What the task requires:
The answer is the full listing restated exactly, without any pictures.

Collected material:
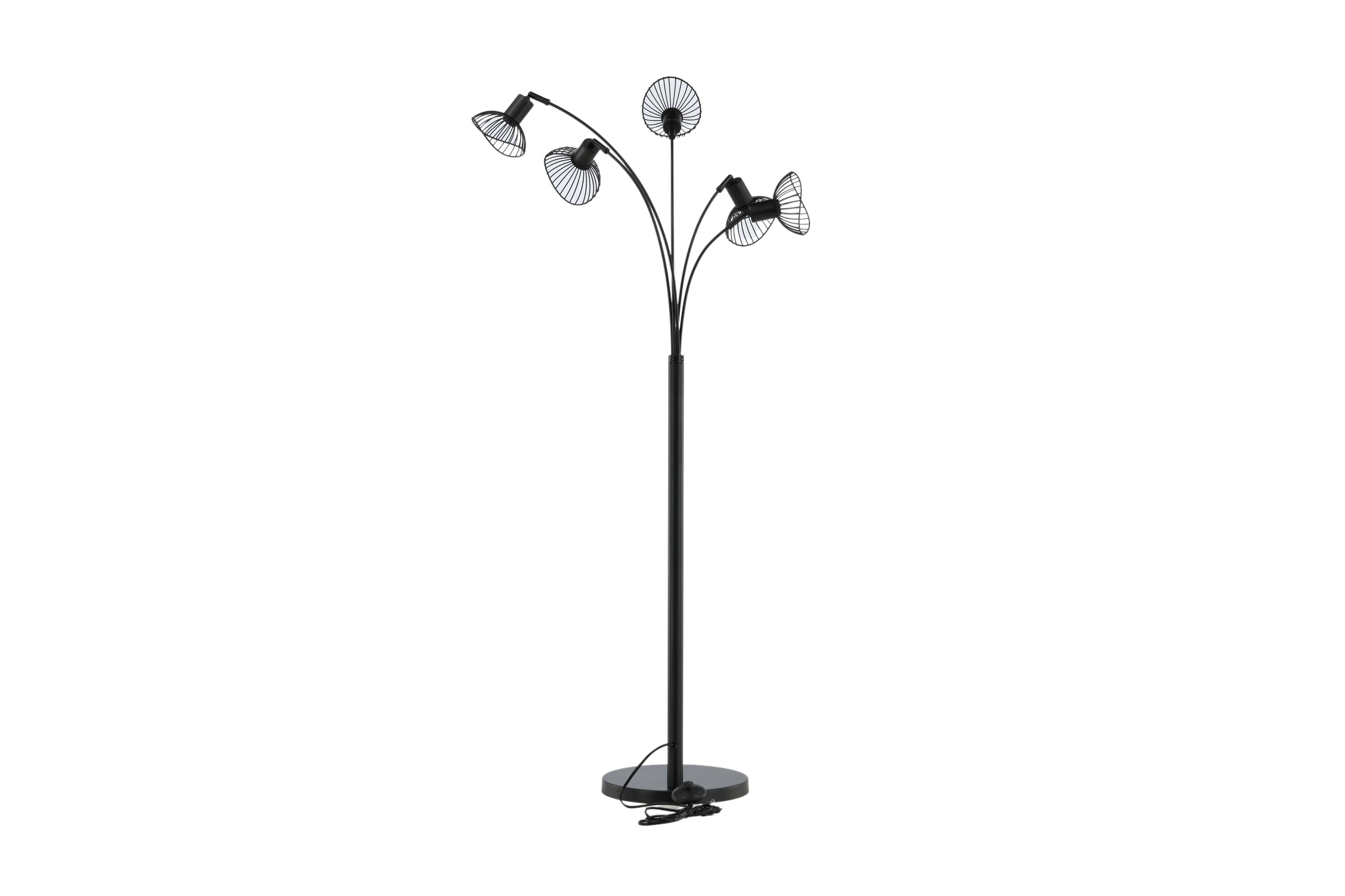 Deze vloerlamp uit de Elsa-serie heeft een modern en goed doordacht ontwerp dat de trendlijsten beklimt! Het eenvoudige ontwerp van de lampvoet en de licht gebogen armen in combinatie met het trendy ontwerp van de vijf lichtbronnen zorgen ervoor dat deze lamp met de meeste mee naar huis gaat. De vijf lichtbronnen van de lamp kunnen worden aangepast als puntverlichting gewenst is, wat de lamp zowel stijlvol als praktisch maakt. Plaats in de leeshoek, woonkamer of in de hal!
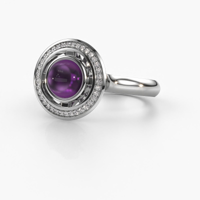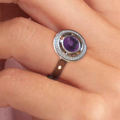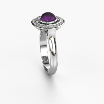 In this photo the platinum Salima ring is set with a cabochon amethyst. Cabochon means a amethyst is shaped first, not faceted, into a specific shape, such as a drop, heart or round cabochon. Subsequently, it is polished until the gemstone has a orb shaped surface. A cabochon gemstone is a stunning, classy eye-catcher that matches perfectly with a contemporary as well as a vintage style. Our expert goldsmiths shape the special ring to perfection which makes it unique. The cabochon amethyst is set so its unique qualities are strengthened. How do you like this design platinum ring? Simply customize this Salima ring, using our online tool. Subsequently, your personal special Salima ring will be made by hand by our goldsmiths. Precious metals and gemstones can be customized to your liking. Do you have specific preferences which are unavailable in our online tool? Please feel free to contact us. We will customize your personal design ring to your liking.After receiving your order, our goldsmiths will passionately start the creative process of making your ring in our own studio. Because we don't have a big stockpile, these costs will not be passed on to you. Our pricing is proof of that! We offer top quality jewels at lowest price, guaranteed.To make it easier for you, we offer a 30 day return policy. Check our terms and conditions.
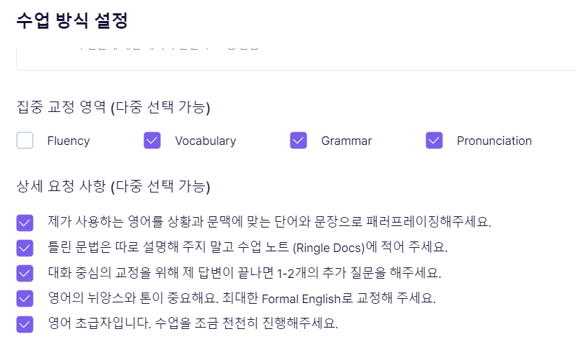 현재 나는 링글에서 하는 예습->수업(교정,paraphrasing,피드백)->복습(피드백 셀프리뷰)의 과정이
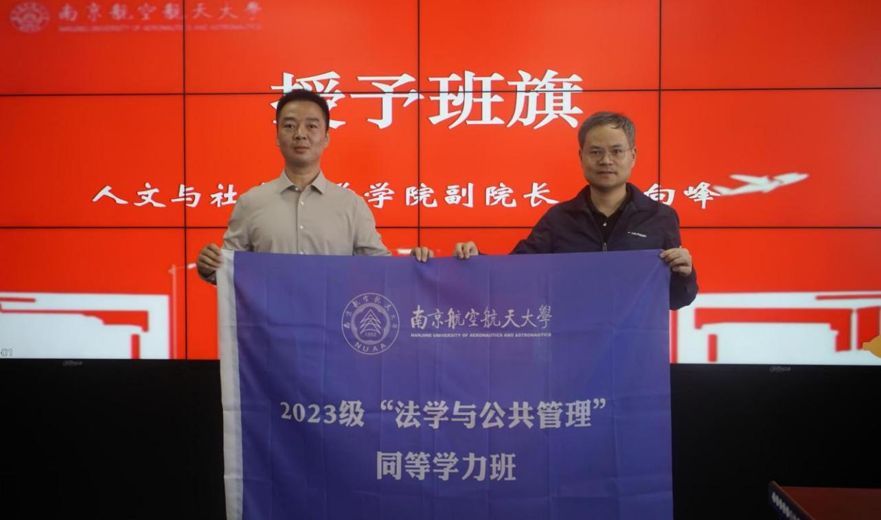 随后,施向峰为学员授予班旗,并寄托了对学员们以班级为依托、以南航为平台,学习向未来的殷切期待。李昕阳对同等学力硕士班的顺利开班表示祝贺,他充分肯定了南航优质的教学实力以及平台资源,并希望同学们学有所获,获得一段难忘的学习经历。

Task answer:
 Deze vloerlamp uit de Elsa-serie heeft een modern en goed doordacht ontwerp dat de trendlijsten beklimt! Het eenvoudige ontwerp van de lampvoet en de licht gebogen armen in combinatie met het trendy ontwerp van de vijf lichtbronnen zorgen ervoor dat deze lamp met de meeste mee naar huis gaat. De vijf lichtbronnen van de lamp kunnen worden aangepast als puntverlichting gewenst is, wat de lamp zowel stijlvol als praktisch maakt. Plaats in de leeshoek, woonkamer of in de hal!
 In this photo the platinum Salima ring is set with a cabochon amethyst. Cabochon means a amethyst is shaped first, not faceted, into a specific shape, such as a drop, heart or round cabochon. Subsequently, it is polished until the gemstone has a orb shaped surface. A cabochon gemstone is a stunning, classy eye-catcher that matches perfectly with a contemporary as well as a vintage style. Our expert goldsmiths shape the special ring to perfection which makes it unique. The cabochon amethyst is set so its unique qualities are strengthened. How do you like this design platinum ring? Simply customize this Salima ring, using our online tool. Subsequently, your personal special Salima ring will be made by hand by our goldsmiths. Precious metals and gemstones can be customized to your liking. Do you have specific preferences which are unavailable in our online tool? Please feel free to contact us. We will customize your personal design ring to your liking.After receiving your order, our goldsmiths will passionately start the creative process of making your ring in our own studio. Because we don't have a big stockpile, these costs will not be passed on to you. Our pricing is proof of that! We offer top quality jewels at lowest price, guaranteed.To make it easier for you, we offer a 30 day return policy. Check our terms and conditions.
 현재 나는 링글에서 하는 예습->수업(교정,paraphrasing,피드백)->복습(피드백 셀프리뷰)의 과정이
 随后,施向峰为学员授予班旗,并寄托了对学员们以班级为依托、以南航为平台,学习向未来的殷切期待。李昕阳对同等学力硕士班的顺利开班表示祝贺,他充分肯定了南航优质的教学实力以及平台资源,并希望同学们学有所获,获得一段难忘的学习经历。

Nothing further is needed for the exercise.